London —June 18th, 1823
Death had officially come to Mayfair. Richard Penlerick, Duke of Newlyn, and his Duchess were buried, and the funeral witnessed by the ton’s finest that morning in the hopes of bringing closure to the tragedy that had stunned their exalted world a week earlier: a peer—a duke, no less—and his wife, stabbed to death in an alley after an evening theatre performance.
Eaton Falmage, Marquess of Lynford, closed the front door behind the last of the funeral guests, wishing he could just as easily shut the door on the week’s horror for the sake of those who remained within the Newlyn town house on Portland Square. But for them the journey into grief was only just beginning. Now that the pageantry of death was over, the real mourning could commence, as he and those closest to the Penlericks could give free rein to their emotions.
Eaton found that inner circle, a collection of friends he’d known and loved since childhood, gathered in the library, a male conclave of power and strength, both of which had been lent unreservedly this week to Vennor Penlerick, the heir.
Vennor stood by the sideboard, pouring brandies, a rare blond in a room full of dark-haired men. He glanced in Eaton’s direction, his eyes asking the question.
‘Yes, they are all gone,’ Eaton offered in low tones. ‘I had the servants sweep the halls for stragglers.’ He gripped Vennor’s arm in a gesture of assurance. ‘We are entirely alone. At last.’
The week had been nightmarish for all of them, but none so much as Vennor, and it showed. Despite his immaculate grooming, Vennor bore the unmistakable signs of strain and grief. To lose one’s parents without warning, even at twenty-eight, was devastating. Vennor had been strong all week, the ideal heir, the consummate host to those who’d imposed their company and their own grief. Eaton took both the glasses. ‘Come, sit, you needn’t be on display with us.’
The group had gathered around the cold hearth. Someone, Inigo perhaps, had culled chairs from about the room and arranged them in one central place to accommodate the group known throughout the ton as ‘the Cornish Dukes’: heirs from four long-standing ducal families whose patriarchs had grown up together in the wilds of Cornwall and in turn so had their four sons. The bond between those fathers and their sons was legendary, as was their loyalty to one another.
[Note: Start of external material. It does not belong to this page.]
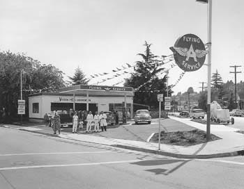 Gas Station Opening, Corner of King and Mission Streets, 1957: You could say this corner is a real 'gas' corner. It converted from petroleum to novocaine because now there's a 'new' suite of dental offices there. That doesn't look like King Street because there are only three cars on it.

That impressive connection had been on view throughout the week for all of London to see, as if to say ‘let no one doubt there are no lengths to which we would not go for one another’. The fathers had taken their leave discreetly a half an hour ago to give the four friends privacy to grieve together, as they would no doubt be doing themselves at another undisclosed location. They had lost their dear friend just as Eaton and the others had lost a man they’d looked upon as an uncle and mentor but Vennor had lost a father and a mother all in one blow.
‘Thank you, Eaton. I’m glad the guests are gone.’ Vennor took the brandy and slumped into the chair beside Inigo. He favoured them with a tired smile. ‘I had no idea my father’s friends possessed so many daughters of a certain age. I knew it would happen, of course. I just thought people might have the decency to queue up after a period of mourning. I don’t think I can tolerate one more offer of marriage wrapped in a condolence. I can’t bear to hear one more time that my father was a good man who’d want me to look to the future as soon as possible. Dear lord, some of them weren’t even subtle about the fact that I’m an only child and the Penlerick nursery is a veritable ghost town in immediate want of infants.’ There was none of the usual humour underlying Vennor’s words. There was only anger today, as well there should be. The deaths of Richard Penlerick and his wife were violent, senseless crimes.
Eaton’s chest tightened at the thought. Thank God it hadn’t been his own father in that alley. The guilt of such a sentiment gripped him, as did the reality. It hadn’t been his father yet. One day, though, it would be; an accident, old age, God willing not a crime, but the terrible moment would come. Not just for him, but for all of them. Eaton looked about his circle of friends: dark-haired, strong-jawed Cassian, heir to the Duke of Hayle, enigmatic Inigo, Boscastle’s scion with the pale blue Boscastle eyes handed down from generations of Boscastle Dukes. Were they thinking the same? That this scene would be re-enacted in variation three more times as each of them assumed the titles to which they’d been raised? They would all lose their fathers. It was an inherently deadly business being a duke’s son.
The morbid aspect of that ‘business’ had Eaton staggering emotionally as much as the visceral quality of the murder had him reeling, along with the rest of the haut ton. If a duke could be murdered in cold blood at the theatre, no one was safe. People did not like reminders of their mortality. Rich people especially.